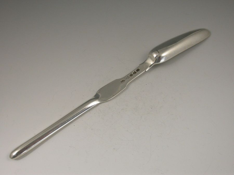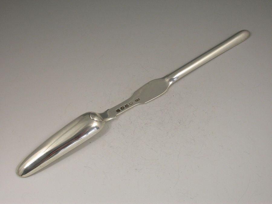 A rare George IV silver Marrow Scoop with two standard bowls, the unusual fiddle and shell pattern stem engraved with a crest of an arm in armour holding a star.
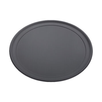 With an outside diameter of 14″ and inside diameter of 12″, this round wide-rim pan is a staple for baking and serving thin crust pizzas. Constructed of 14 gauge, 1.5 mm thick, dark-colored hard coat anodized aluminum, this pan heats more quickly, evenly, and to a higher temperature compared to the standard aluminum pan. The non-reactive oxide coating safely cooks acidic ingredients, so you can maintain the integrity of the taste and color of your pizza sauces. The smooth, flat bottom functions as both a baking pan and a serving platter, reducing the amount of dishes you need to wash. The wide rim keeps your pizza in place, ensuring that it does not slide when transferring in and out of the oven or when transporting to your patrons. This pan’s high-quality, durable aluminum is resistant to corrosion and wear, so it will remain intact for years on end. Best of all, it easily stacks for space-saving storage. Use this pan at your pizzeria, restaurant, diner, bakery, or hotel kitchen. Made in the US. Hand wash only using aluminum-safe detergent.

* * *

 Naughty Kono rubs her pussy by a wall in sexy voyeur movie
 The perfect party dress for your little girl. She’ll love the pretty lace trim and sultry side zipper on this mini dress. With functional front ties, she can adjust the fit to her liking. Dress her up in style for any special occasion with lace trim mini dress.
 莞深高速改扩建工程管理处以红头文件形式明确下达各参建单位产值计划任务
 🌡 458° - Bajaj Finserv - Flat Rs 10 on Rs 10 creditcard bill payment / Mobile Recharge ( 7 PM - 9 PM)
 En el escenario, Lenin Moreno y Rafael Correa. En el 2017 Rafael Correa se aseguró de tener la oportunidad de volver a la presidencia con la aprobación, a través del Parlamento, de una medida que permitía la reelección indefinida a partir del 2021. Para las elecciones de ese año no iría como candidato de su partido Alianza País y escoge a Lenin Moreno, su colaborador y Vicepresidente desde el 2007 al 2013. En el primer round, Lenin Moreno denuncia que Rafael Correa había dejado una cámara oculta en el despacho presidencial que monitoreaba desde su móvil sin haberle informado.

• [What you have to do]: Keep to the stretch from the line containing "A rare George" through the line containing "With an outside", both ends included, and copy it exactly from the listing above, minus the pictures.

• [Your solution]:
 A rare George IV silver Marrow Scoop with two standard bowls, the unusual fiddle and shell pattern stem engraved with a crest of an arm in armour holding a star.
 With an outside diameter of 14″ and inside diameter of 12″, this round wide-rim pan is a staple for baking and serving thin crust pizzas. Constructed of 14 gauge, 1.5 mm thick, dark-colored hard coat anodized aluminum, this pan heats more quickly, evenly, and to a higher temperature compared to the standard aluminum pan. The non-reactive oxide coating safely cooks acidic ingredients, so you can maintain the integrity of the taste and color of your pizza sauces. The smooth, flat bottom functions as both a baking pan and a serving platter, reducing the amount of dishes you need to wash. The wide rim keeps your pizza in place, ensuring that it does not slide when transferring in and out of the oven or when transporting to your patrons. This pan’s high-quality, durable aluminum is resistant to corrosion and wear, so it will remain intact for years on end. Best of all, it easily stacks for space-saving storage. Use this pan at your pizzeria, restaurant, diner, bakery, or hotel kitchen. Made in the US. Hand wash only using aluminum-safe detergent.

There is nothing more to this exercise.